The real villains in this film are Arthur’s uncle, who, hearing of their plan, demands a share of the take, and, ultimately, Arthur himself, who betrays his friend’s trust by bedding Odile and, later, having figured out where Stolz has hidden the money they intended to rob, returns to collect it without the other members of his trio “band.” Godard also makes it clear, early in the film, that Franz is the right man for Odile, not Arthur, particularly when Arthur cannot make the liquid flow from one side of her “love tube” to the other.
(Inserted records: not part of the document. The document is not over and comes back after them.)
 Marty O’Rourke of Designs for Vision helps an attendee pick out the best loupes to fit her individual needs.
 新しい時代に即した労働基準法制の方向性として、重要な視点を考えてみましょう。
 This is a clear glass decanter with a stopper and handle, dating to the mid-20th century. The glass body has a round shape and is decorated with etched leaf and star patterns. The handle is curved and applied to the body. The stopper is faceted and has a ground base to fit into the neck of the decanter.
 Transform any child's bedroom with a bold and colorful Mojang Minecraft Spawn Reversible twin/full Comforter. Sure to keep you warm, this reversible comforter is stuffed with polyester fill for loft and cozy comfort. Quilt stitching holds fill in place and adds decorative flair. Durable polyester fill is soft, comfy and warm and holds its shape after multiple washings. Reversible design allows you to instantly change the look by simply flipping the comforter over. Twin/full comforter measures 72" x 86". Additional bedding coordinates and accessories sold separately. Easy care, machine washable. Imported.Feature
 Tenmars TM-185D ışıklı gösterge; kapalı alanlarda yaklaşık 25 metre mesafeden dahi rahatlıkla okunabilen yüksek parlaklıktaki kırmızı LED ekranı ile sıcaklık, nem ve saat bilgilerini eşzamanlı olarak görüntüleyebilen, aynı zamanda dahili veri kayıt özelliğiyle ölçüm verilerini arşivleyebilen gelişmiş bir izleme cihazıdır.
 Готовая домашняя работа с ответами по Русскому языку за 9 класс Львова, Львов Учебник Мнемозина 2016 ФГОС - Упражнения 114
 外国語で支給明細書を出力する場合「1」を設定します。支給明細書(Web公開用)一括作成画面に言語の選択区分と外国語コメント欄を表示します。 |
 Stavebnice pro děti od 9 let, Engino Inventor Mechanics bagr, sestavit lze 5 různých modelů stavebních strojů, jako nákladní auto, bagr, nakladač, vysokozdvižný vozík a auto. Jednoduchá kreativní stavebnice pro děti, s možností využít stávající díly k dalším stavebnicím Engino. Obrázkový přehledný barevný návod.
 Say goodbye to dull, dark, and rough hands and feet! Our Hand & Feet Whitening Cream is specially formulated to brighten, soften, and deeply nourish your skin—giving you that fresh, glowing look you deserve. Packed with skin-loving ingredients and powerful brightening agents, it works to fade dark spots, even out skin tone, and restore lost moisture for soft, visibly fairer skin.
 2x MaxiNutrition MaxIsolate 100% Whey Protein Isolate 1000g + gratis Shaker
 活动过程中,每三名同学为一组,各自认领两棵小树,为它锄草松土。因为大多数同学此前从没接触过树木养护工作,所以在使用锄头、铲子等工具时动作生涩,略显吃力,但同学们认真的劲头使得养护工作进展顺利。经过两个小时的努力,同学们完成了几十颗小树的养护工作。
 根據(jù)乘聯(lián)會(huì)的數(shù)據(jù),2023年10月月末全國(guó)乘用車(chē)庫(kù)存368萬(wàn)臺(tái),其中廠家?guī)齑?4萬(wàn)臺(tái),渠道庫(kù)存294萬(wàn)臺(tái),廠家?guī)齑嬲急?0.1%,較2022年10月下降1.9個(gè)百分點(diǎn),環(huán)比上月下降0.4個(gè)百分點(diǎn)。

Besides, Franz is cuter and better dressed than his always sweater-wearing, slightly overweight friend.

       But the consequences of his betrayal, a melodramatic shoot-out between Arthur and his uncle, which ends in both of their deaths, seems out of proportion to their foiled gangster-like misdeeds. Even if the outsider band think they have accidently killed Mme. Victoria, Godard’s long lensed camera reveals that she has survived the ordeal, and will now surely share in the reclaimed money with Stoltz.

       

       As Franz, moving on with Odile, proclaims, however, they too have not done so badly. With Arthur out of the way, they can travel South on their way to Brazil, knowing that, as Odile’s “love tube” reveals, Franz is able to make the liquid flow her way.

       Godard’s figures understand themselves as fictional characters, whereas Truffaut’s figures seem to forget the game they are playing and end up more tragically for that fact. Band of Outsiders even announces that the adventures of Franz and Odile will be portrayed in an all-color sequel—perhaps, one might imagine, realized in his 1965 film Pierrot le Fou.

 

Los Angeles, January 16, 2016

Reprinted from World Cinema Review (January 2016).